Today I went to my company picnic. It was totally dope. It was tricked out with petting zoos, pony rides, manicure stations, massages, skee-ball, rock climbing walls, fishing, and awesome organic food–and loads of other cool stuff. It was best ever. I vote for company picnic ever week of the summer!
Above is a picture of the cutest, fluffiest bunny ever that was in the petting zoo. It looked totally fake.
In other awesome news, download all of the White Stripes performance at Glastonbury on this French WS site. Link from the Triple Tremelo. Rad!
Avril Lavigne and Deryck Whibley of Sum 41 got engaged this past weekend. They’re going to make the most angst-filled, short, Canadian babies ever. Here’s to the happy couple.
Wow, I totally forgot that Annie was playing at Hiro last night…until now. My mind is on vacation. Shows how much I care.
UPDATE: Oops. It’s today. I thought today was Wednesday. Um, what’s everyone doing for 4th of July weekend?
Here’s the lineup for a free event going down this Wed (June 29) at Virgin Megastore in Union Square in support of the ONE campaign. My favorite part of the lineup is that Billy Corgan is listed as a “(tentative)” performer for this event. Seriously, is he waiting for a better gig fighting world poverty to come along?
1:30 – The Swedes
2pm – Trouble Dolls
2:30 – Gladshot
3pm – Outernational
3:30 – TBD
4pm – Heavenly States
4:30 – Announcements
5pm – Michelle Shocked
5:30 – Mark Knopfler (tentative)
6pm – Head Automatica
7pm – Billy Corgan (tentative)
Surefire plays Shout! on July 3.
Fader has rolled out some nice White Stripes wallpaper for your downloading pleasure. Check it out. Thanks to the reader who sent this tip in.
KCRW’s Nic Harcourt is this country’s John Peel, having “discovered” acts like Coldplay, Dido, David Gray, and Norah Jones. The NYT reveals what it’s like to be a purveyor of cool.
Rolling Stone reports that The Stooges will be re-releasing a deluxe double CD of 1969 and Fun House on August 16 on Rhino Records, with Jack White penning the liner notes for Fun House. Link from Michelle.
Like two weeks ago I was walking on E. Houston with my friend Matt, when I saw this dude walking down the street talking into a telephone receiver…an old school telephone receiver from a rotary telephone. I was like, “What the hell is that guy doing?” Then I looked again and I noticed he’d plugged the receiver into his cell phone as you would with one of those stupid head pieces. I ran up to him and said, “That’s awesome!,” but I do have to wonder, where the hell does he put that thing when he’s NOT using it? Go ahead, make your own.
Read the latest from your favorite flooded, cloudy festival over at the Guardian‘s Glastoblog. Also, check out the full coverage.

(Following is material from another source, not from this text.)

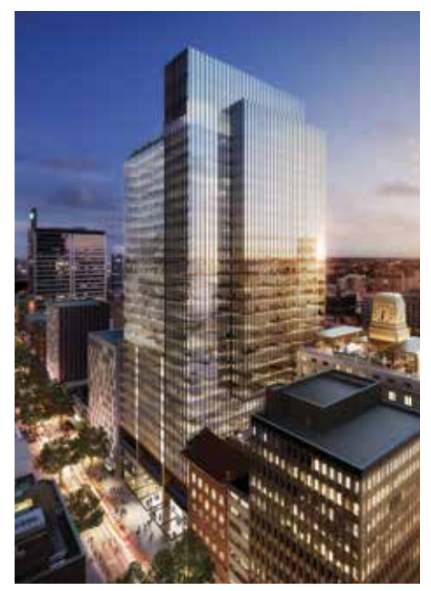
Figure 6: Wynyard Place viewed from George Street illustrating the composition of interlocking rectangular blocks and integration of amenity space set against the backdrop of Shell House's clock tower

and Shell House are located directly opposite the park offering occupants convenient access and use of this public open space which serves to integrate the development with its immediate urban context and provide a respectful setting for the surrounding heritage structures and streetscapes (see Figure 8).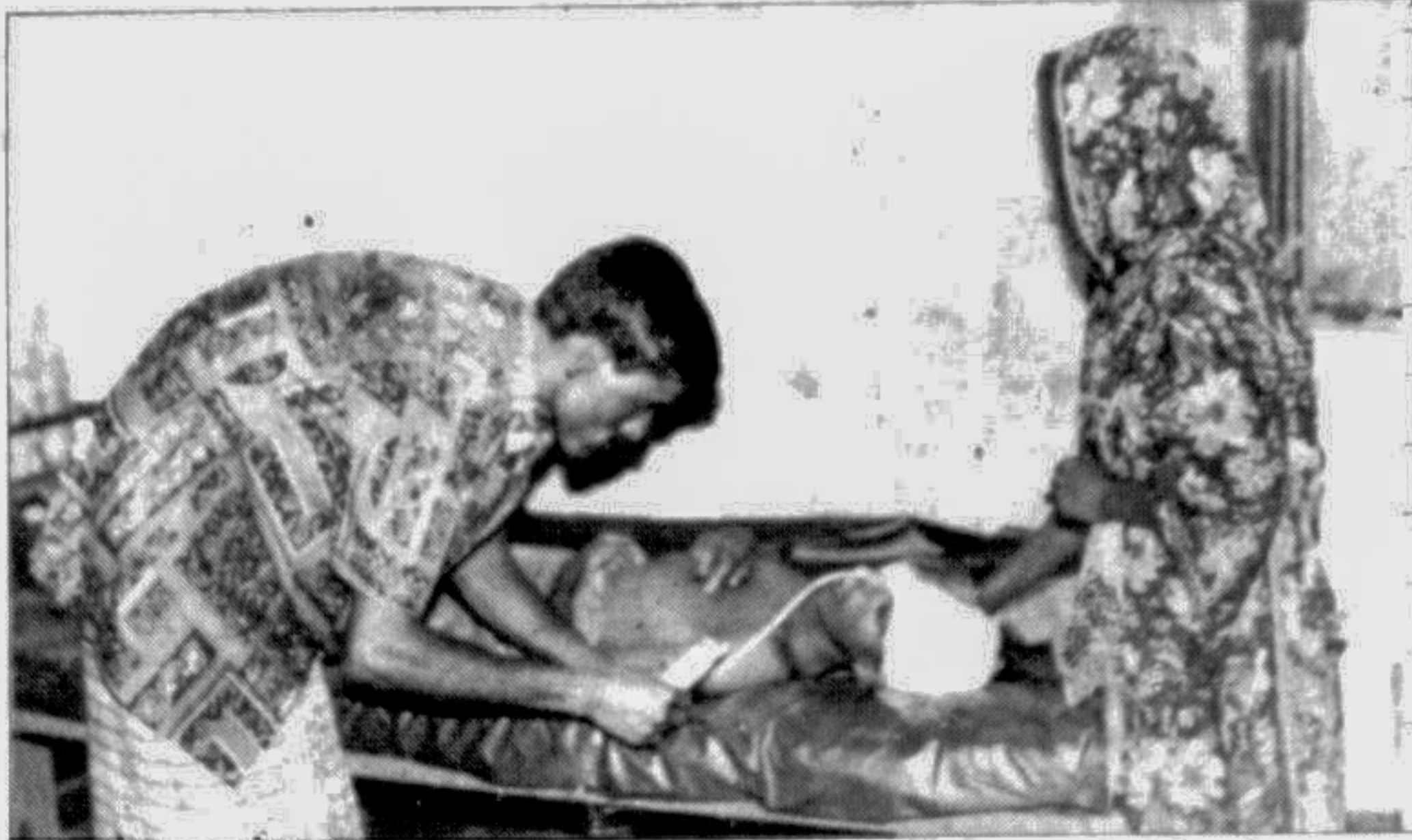
Relatives attending a patient at the Dhaka Medical College Hospital while the nurses continued their strike for the fourth successive day yesterday.

On Wednesday, the government pounded the strategic Khmer Rouge base of Phum Chat in the northwestern province of Banteay Meanchey. By Friday the government's flag was flying in what had been considered the guerrillas group's second headquarters.

Kasabian, “L.S.F.”: 300RAM | 56RAM
Brendan Benson, “Cold Hands Warm Heart”: Low | Medium | High | Quicktime
Louis XIV, “God Killed the Queen” WARNING: Blurred out boobies. Possibly NSFW: WM Low | WM Medium | WM High | Quicktime
Tess was so kind to notify me that the Strokes site has been updated and newsletter #8 is apparently on its way.
If you can’t wait until it hits your mailbox, get your Strokes fix by reading the summaries of the new tracks off the album, courtesy of NME. (Link from Product Shop.) Yes…there’s a song called “Juice Box.” Er…
I was just surfing the Sanrio site to check out some new products when I found a cute feature on the origins of Hello Kitty. As I clicked through the bio, I noticed that all of Hello Kitty’s family members have the last name “White.” There’s her sister, Mimmy White, her mom, Mary White, and her dad, George White. Who knew Hello Kitty’s real name was actually “Hello Kitty White“?? Shocking! Which of course got me thinking…I wonder if Hello Kitty is in any way related to Jack and Meg White. They do all have pale white skin and love dressing in red. Hmm…
Woah! If you haven’t watched the video of Tom Cruise on the Today show from this morning, you have not lived! Please “do the research!” Seriously, what is he talking about? What is he saying? Why does Katie look like a mindless zombie? Poor Matt Lauer–you can really tell toward the end how terrified he is of Tom.
I seriously can’t watch War of the Worlds. I fear that my soul will be sucked out of my body if I look directly at Tom Cruise.